### AIM OF THE TASK:
Reproduce the material below line by line, beginning with its first line and ending with the line that contains "He was speaking"; leave out pictures.

|---|

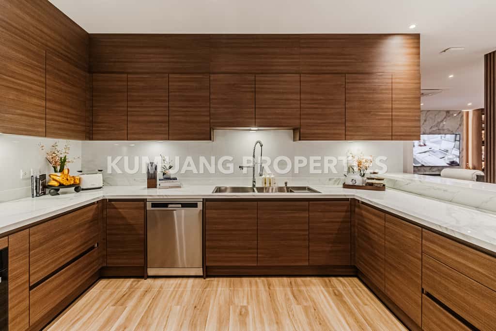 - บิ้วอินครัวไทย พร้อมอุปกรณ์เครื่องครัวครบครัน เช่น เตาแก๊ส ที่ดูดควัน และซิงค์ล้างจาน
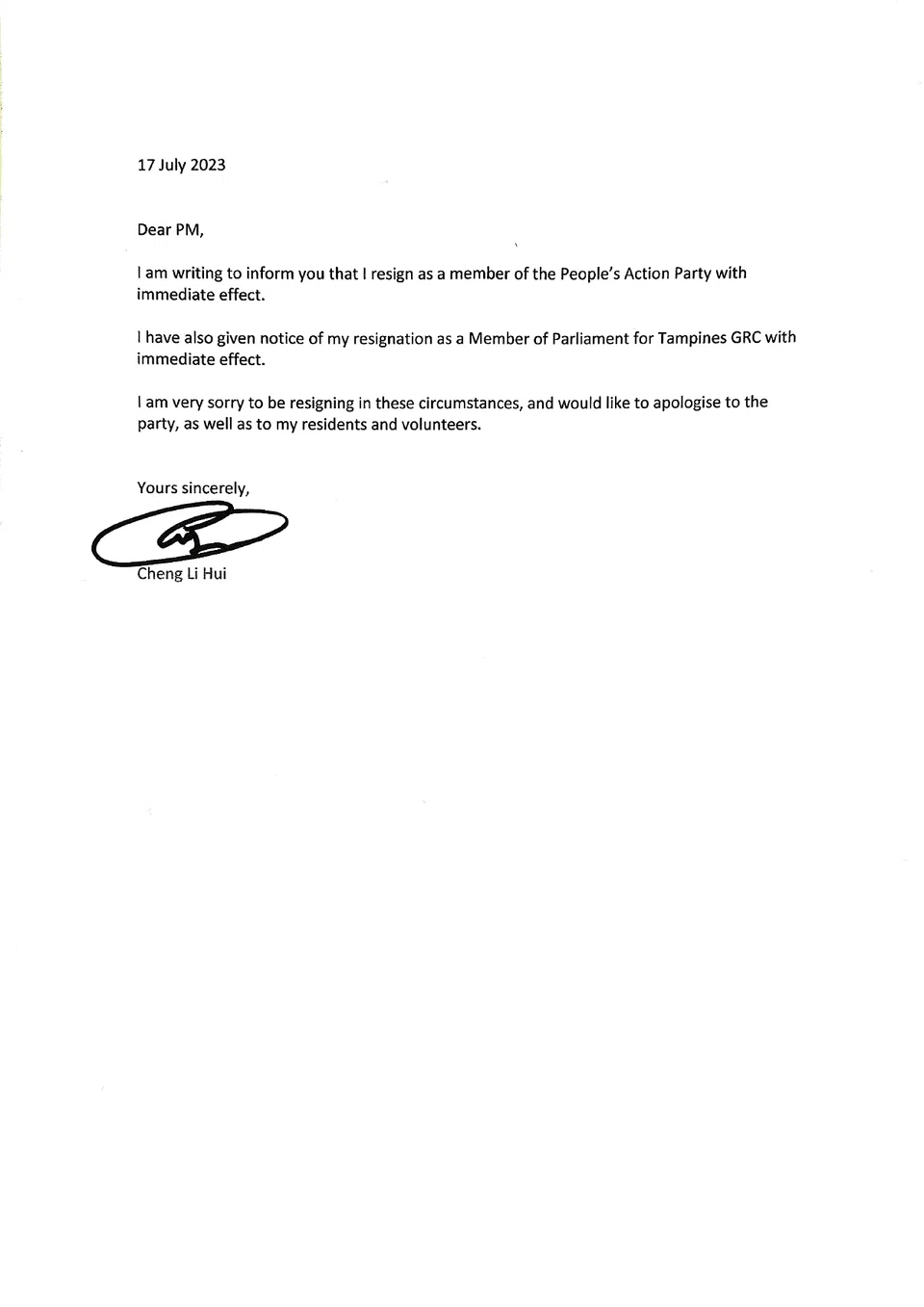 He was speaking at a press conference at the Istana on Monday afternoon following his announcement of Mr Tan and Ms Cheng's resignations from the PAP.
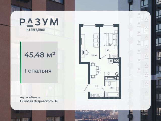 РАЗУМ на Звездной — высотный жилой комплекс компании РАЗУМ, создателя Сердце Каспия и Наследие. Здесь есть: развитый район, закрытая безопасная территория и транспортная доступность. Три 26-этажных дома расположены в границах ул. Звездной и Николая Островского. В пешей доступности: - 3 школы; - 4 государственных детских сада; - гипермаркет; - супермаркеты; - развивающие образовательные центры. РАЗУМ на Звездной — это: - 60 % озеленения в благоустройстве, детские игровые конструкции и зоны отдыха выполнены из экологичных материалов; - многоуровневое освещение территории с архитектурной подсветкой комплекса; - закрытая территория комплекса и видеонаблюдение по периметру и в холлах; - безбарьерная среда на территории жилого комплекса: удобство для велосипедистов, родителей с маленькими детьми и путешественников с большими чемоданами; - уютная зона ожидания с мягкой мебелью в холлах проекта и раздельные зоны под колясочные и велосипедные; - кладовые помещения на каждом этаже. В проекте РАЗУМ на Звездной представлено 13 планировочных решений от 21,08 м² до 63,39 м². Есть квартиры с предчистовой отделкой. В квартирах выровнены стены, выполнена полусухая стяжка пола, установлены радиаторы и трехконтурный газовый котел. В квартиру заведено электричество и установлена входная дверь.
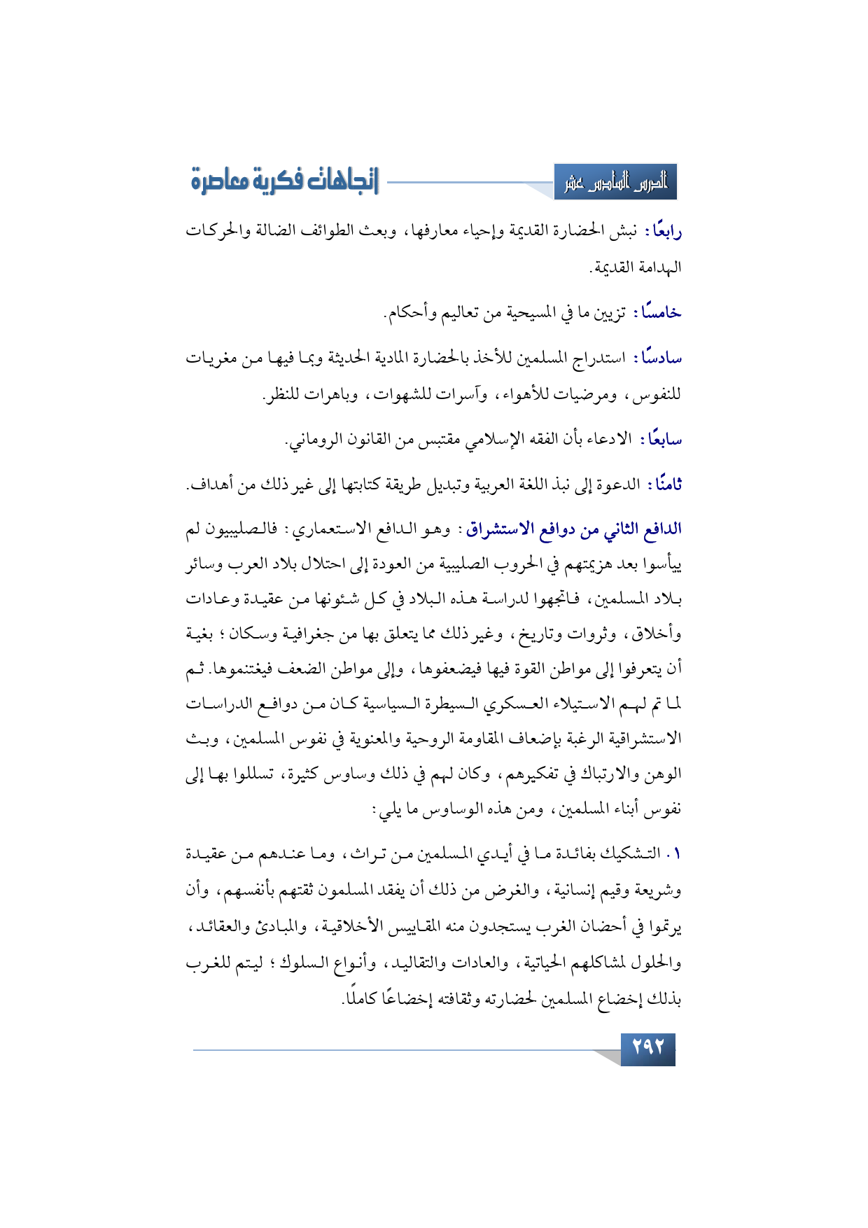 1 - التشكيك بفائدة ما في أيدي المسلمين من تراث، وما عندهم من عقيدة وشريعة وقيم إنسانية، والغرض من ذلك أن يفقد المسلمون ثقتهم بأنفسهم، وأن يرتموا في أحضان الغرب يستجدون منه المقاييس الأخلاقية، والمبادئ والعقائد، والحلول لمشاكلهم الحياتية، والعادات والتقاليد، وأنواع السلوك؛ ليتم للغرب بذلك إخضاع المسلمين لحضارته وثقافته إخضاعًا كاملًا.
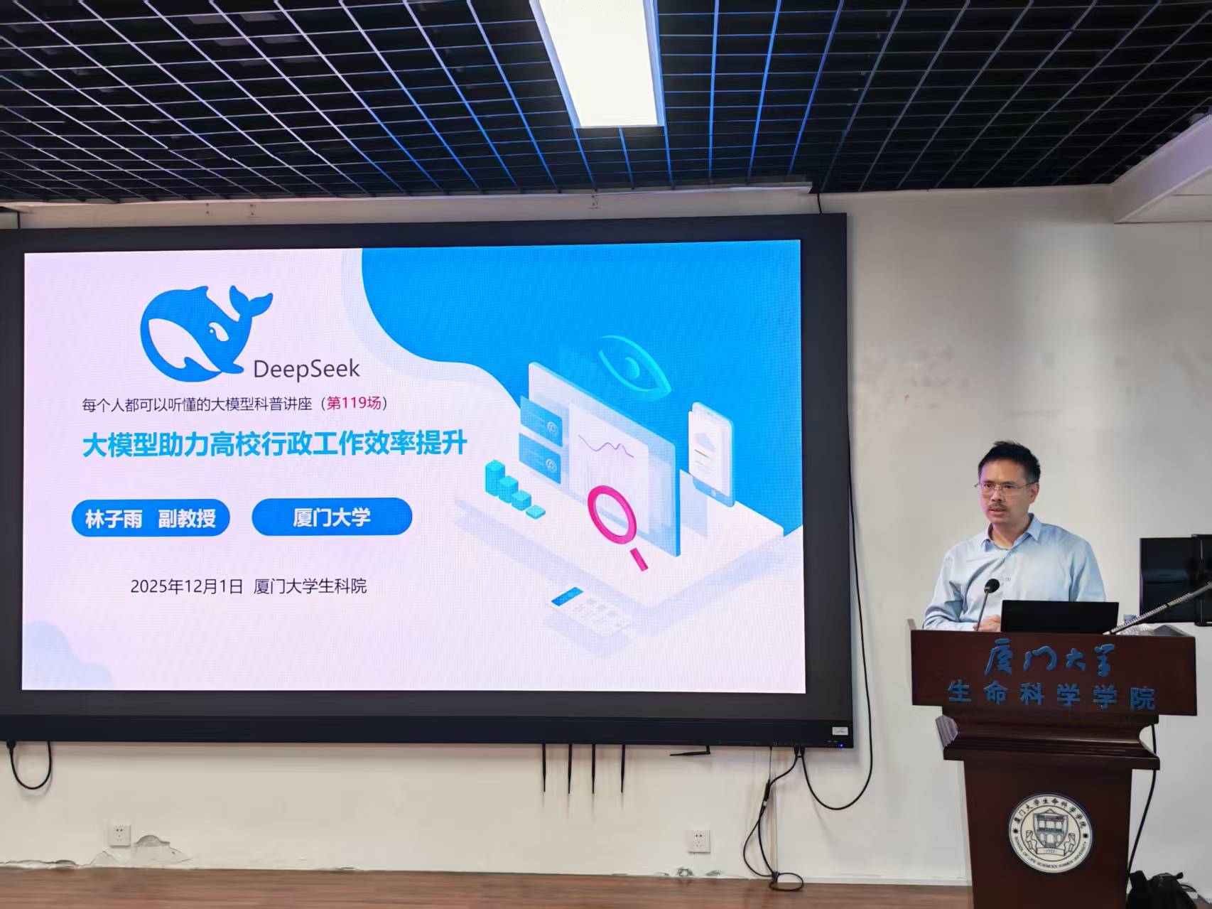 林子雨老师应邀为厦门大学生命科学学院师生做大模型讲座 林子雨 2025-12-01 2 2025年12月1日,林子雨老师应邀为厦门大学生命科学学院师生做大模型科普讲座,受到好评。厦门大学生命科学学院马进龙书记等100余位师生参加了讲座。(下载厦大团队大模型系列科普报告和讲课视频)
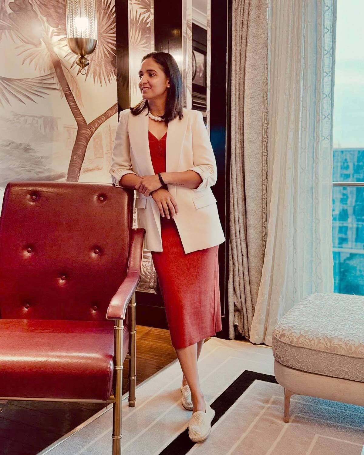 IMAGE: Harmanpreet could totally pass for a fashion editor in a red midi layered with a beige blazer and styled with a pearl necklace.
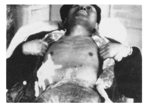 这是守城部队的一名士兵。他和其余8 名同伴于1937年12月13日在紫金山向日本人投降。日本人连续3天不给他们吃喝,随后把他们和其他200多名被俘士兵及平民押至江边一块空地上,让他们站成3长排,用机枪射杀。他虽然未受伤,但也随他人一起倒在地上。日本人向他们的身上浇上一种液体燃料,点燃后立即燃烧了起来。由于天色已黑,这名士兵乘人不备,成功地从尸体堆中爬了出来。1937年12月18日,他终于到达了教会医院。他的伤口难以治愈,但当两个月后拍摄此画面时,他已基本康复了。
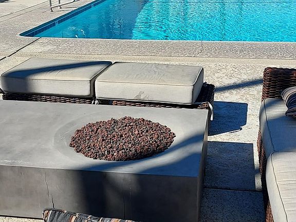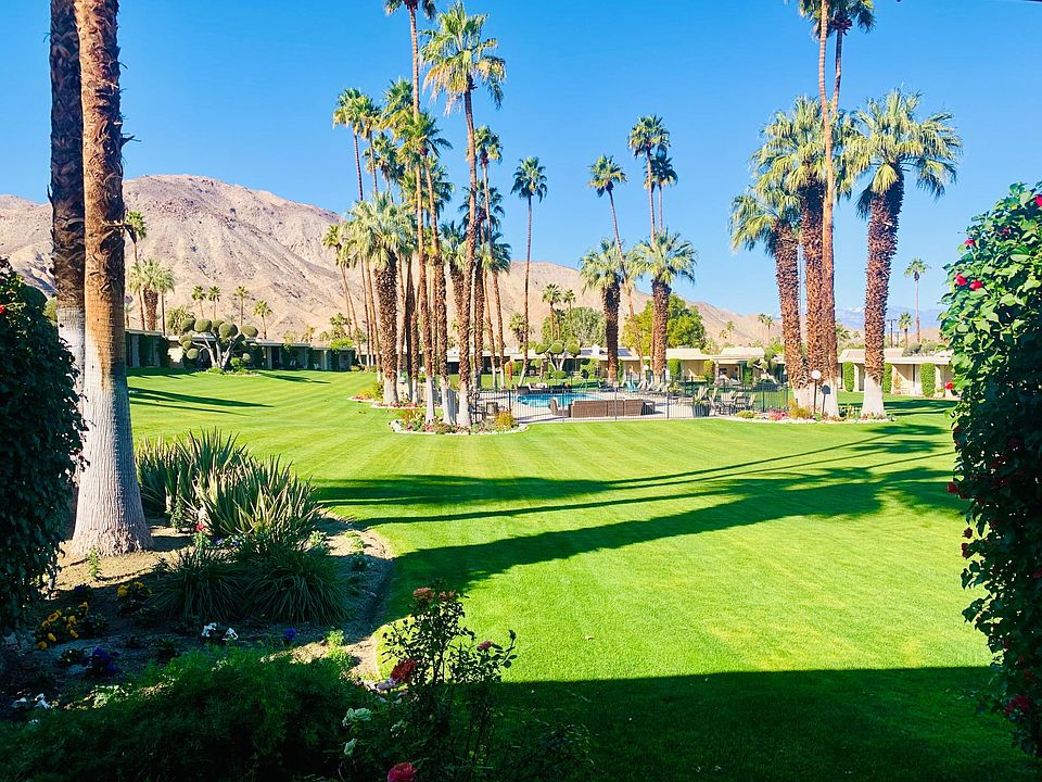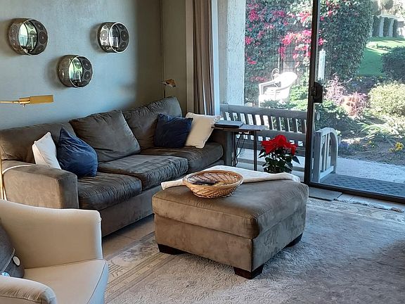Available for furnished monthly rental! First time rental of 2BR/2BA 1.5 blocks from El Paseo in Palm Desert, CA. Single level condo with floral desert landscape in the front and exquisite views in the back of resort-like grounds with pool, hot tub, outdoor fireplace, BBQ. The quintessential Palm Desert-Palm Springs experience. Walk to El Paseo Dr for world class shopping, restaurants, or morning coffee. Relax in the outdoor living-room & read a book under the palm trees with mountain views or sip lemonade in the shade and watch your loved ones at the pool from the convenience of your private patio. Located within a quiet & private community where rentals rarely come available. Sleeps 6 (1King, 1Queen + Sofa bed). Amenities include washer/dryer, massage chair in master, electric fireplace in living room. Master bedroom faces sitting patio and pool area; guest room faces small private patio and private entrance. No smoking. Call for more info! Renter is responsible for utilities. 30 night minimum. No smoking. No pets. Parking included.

|---|

### WRITTEN SOLUTION:
 - บิ้วอินครัวไทย พร้อมอุปกรณ์เครื่องครัวครบครัน เช่น เตาแก๊ส ที่ดูดควัน และซิงค์ล้างจาน
 He was speaking at a press conference at the Istana on Monday afternoon following his announcement of Mr Tan and Ms Cheng's resignations from the PAP.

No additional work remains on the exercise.